◆ **Exercise inputs**:
####################
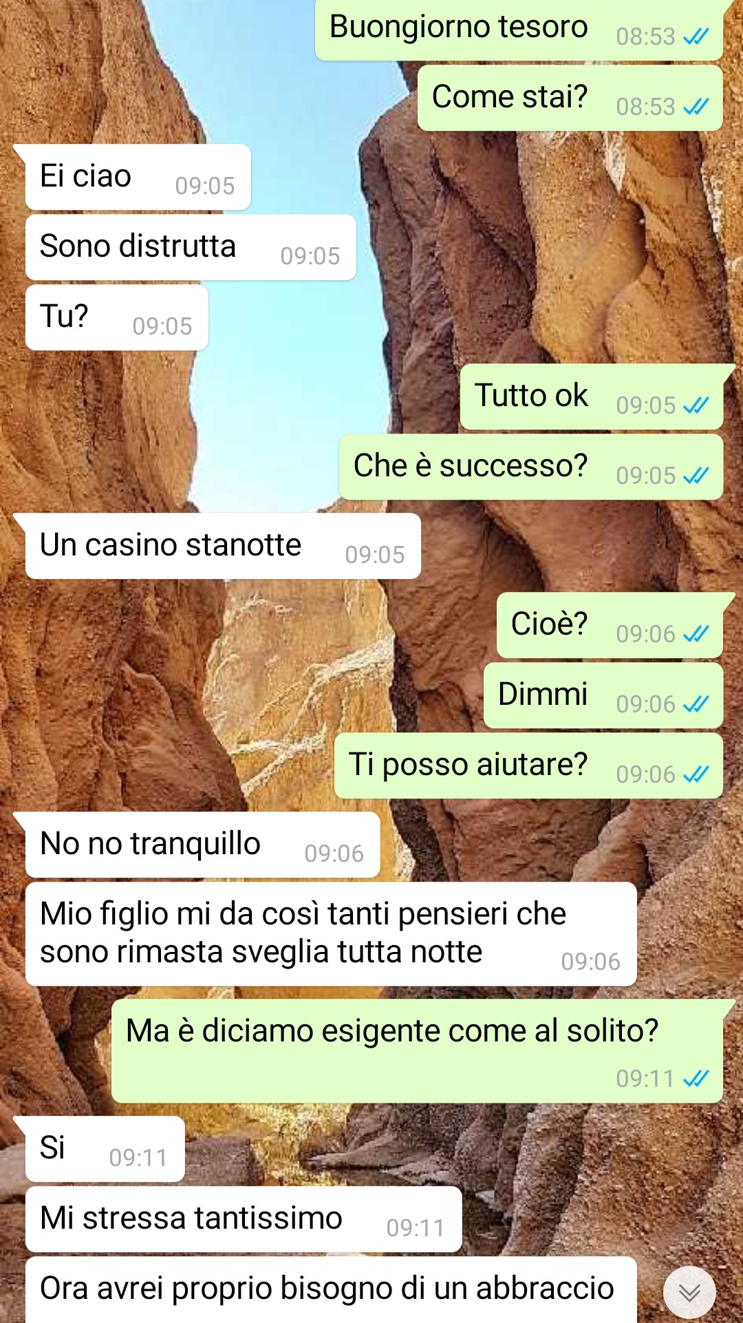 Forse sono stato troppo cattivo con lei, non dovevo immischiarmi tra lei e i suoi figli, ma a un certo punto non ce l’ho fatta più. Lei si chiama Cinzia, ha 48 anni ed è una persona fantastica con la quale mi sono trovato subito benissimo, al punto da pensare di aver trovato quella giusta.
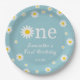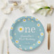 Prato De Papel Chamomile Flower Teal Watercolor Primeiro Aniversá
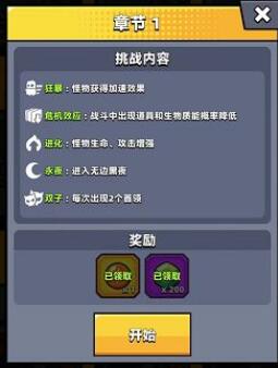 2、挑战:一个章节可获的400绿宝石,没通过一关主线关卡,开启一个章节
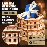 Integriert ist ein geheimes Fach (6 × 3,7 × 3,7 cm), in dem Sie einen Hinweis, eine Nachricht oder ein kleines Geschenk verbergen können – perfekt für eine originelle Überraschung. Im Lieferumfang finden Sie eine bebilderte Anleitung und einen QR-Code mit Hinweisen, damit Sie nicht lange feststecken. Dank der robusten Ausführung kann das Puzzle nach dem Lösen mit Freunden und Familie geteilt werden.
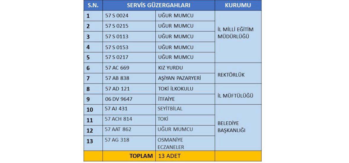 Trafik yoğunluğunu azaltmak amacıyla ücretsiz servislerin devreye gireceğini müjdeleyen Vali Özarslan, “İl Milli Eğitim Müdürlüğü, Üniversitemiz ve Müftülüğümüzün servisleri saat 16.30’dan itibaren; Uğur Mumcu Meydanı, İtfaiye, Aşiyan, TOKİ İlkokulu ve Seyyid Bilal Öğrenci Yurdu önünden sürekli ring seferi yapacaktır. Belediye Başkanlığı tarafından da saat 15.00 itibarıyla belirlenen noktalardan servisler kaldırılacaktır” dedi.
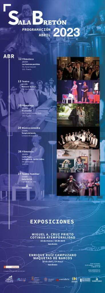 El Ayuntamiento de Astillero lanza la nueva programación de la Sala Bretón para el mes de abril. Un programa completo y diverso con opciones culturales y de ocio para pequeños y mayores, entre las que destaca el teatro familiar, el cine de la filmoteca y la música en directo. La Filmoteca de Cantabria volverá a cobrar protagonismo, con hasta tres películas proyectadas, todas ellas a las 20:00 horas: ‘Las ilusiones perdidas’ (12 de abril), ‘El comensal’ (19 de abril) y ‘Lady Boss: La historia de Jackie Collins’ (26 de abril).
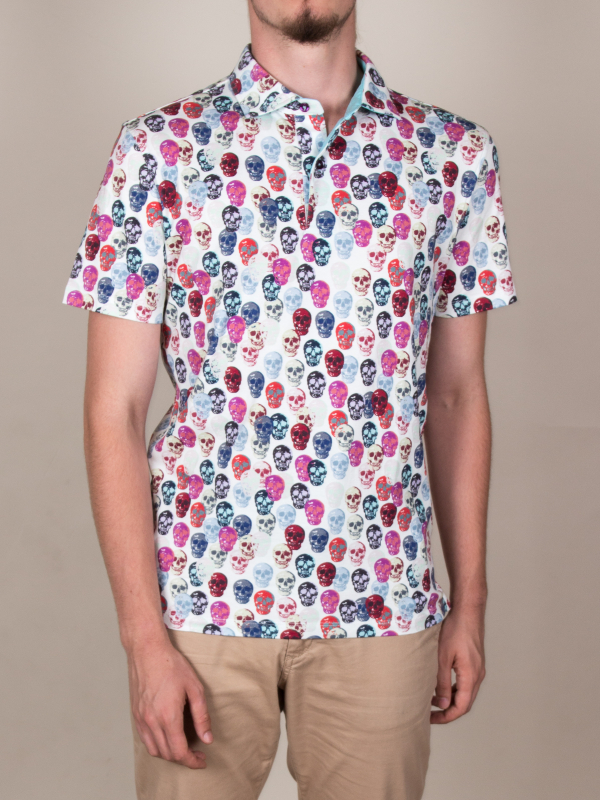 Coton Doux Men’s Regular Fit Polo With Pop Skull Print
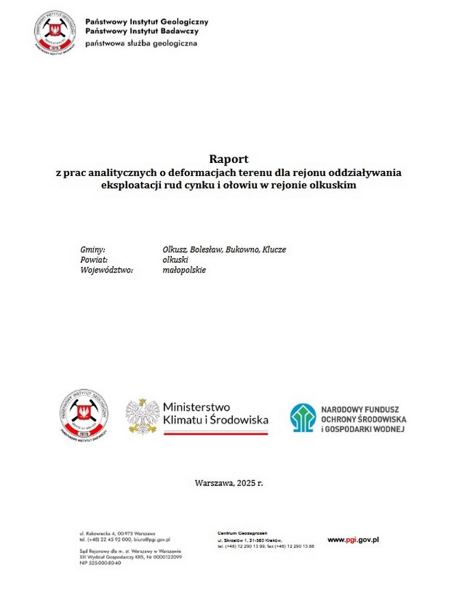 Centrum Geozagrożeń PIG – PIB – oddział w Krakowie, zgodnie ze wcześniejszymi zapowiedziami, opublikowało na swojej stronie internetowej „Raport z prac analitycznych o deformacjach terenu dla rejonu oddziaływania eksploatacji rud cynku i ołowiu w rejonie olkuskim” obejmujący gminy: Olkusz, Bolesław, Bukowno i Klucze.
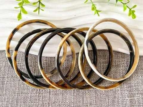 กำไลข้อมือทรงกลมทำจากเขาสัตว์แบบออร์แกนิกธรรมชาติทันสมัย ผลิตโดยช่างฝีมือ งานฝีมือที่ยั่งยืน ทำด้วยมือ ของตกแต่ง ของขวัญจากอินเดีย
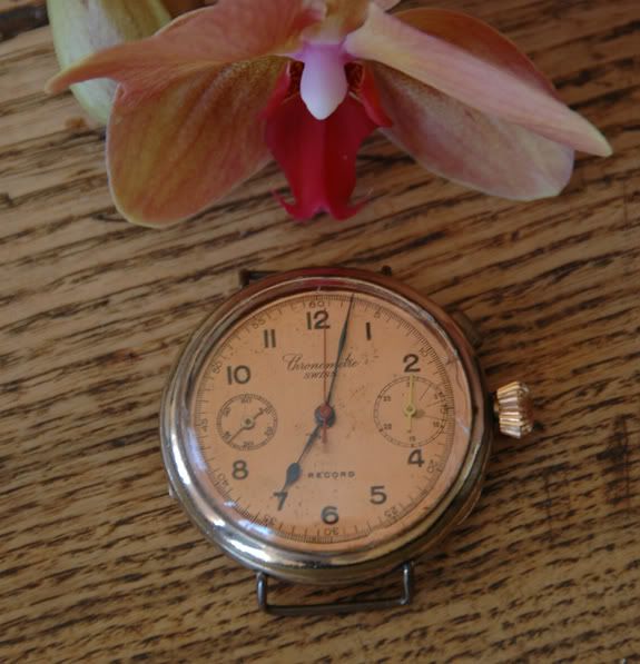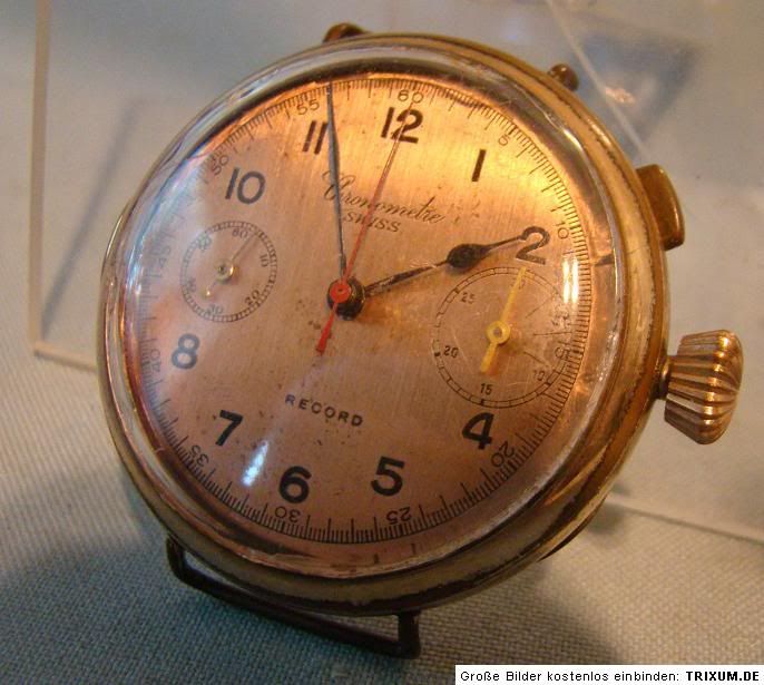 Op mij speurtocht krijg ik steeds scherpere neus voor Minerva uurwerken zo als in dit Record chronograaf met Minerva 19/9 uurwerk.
####################
◆ **Required work**: Leave the pictures out and return each entry exactly.

◆ **Answer section**:
 Forse sono stato troppo cattivo con lei, non dovevo immischiarmi tra lei e i suoi figli, ma a un certo punto non ce l’ho fatta più. Lei si chiama Cinzia, ha 48 anni ed è una persona fantastica con la quale mi sono trovato subito benissimo, al punto da pensare di aver trovato quella giusta.
 Prato De Papel Chamomile Flower Teal Watercolor Primeiro Aniversá
 2、挑战:一个章节可获的400绿宝石,没通过一关主线关卡,开启一个章节
 Integriert ist ein geheimes Fach (6 × 3,7 × 3,7 cm), in dem Sie einen Hinweis, eine Nachricht oder ein kleines Geschenk verbergen können – perfekt für eine originelle Überraschung. Im Lieferumfang finden Sie eine bebilderte Anleitung und einen QR-Code mit Hinweisen, damit Sie nicht lange feststecken. Dank der robusten Ausführung kann das Puzzle nach dem Lösen mit Freunden und Familie geteilt werden.
 Trafik yoğunluğunu azaltmak amacıyla ücretsiz servislerin devreye gireceğini müjdeleyen Vali Özarslan, “İl Milli Eğitim Müdürlüğü, Üniversitemiz ve Müftülüğümüzün servisleri saat 16.30’dan itibaren; Uğur Mumcu Meydanı, İtfaiye, Aşiyan, TOKİ İlkokulu ve Seyyid Bilal Öğrenci Yurdu önünden sürekli ring seferi yapacaktır. Belediye Başkanlığı tarafından da saat 15.00 itibarıyla belirlenen noktalardan servisler kaldırılacaktır” dedi.
 El Ayuntamiento de Astillero lanza la nueva programación de la Sala Bretón para el mes de abril. Un programa completo y diverso con opciones culturales y de ocio para pequeños y mayores, entre las que destaca el teatro familiar, el cine de la filmoteca y la música en directo. La Filmoteca de Cantabria volverá a cobrar protagonismo, con hasta tres películas proyectadas, todas ellas a las 20:00 horas: ‘Las ilusiones perdidas’ (12 de abril), ‘El comensal’ (19 de abril) y ‘Lady Boss: La historia de Jackie Collins’ (26 de abril).
 Coton Doux Men’s Regular Fit Polo With Pop Skull Print
 Centrum Geozagrożeń PIG – PIB – oddział w Krakowie, zgodnie ze wcześniejszymi zapowiedziami, opublikowało na swojej stronie internetowej „Raport z prac analitycznych o deformacjach terenu dla rejonu oddziaływania eksploatacji rud cynku i ołowiu w rejonie olkuskim” obejmujący gminy: Olkusz, Bolesław, Bukowno i Klucze.
 กำไลข้อมือทรงกลมทำจากเขาสัตว์แบบออร์แกนิกธรรมชาติทันสมัย ผลิตโดยช่างฝีมือ งานฝีมือที่ยั่งยืน ทำด้วยมือ ของตกแต่ง ของขวัญจากอินเดีย
 Op mij speurtocht krijg ik steeds scherpere neus voor Minerva uurwerken zo als in dit Record chronograaf met Minerva 19/9 uurwerk.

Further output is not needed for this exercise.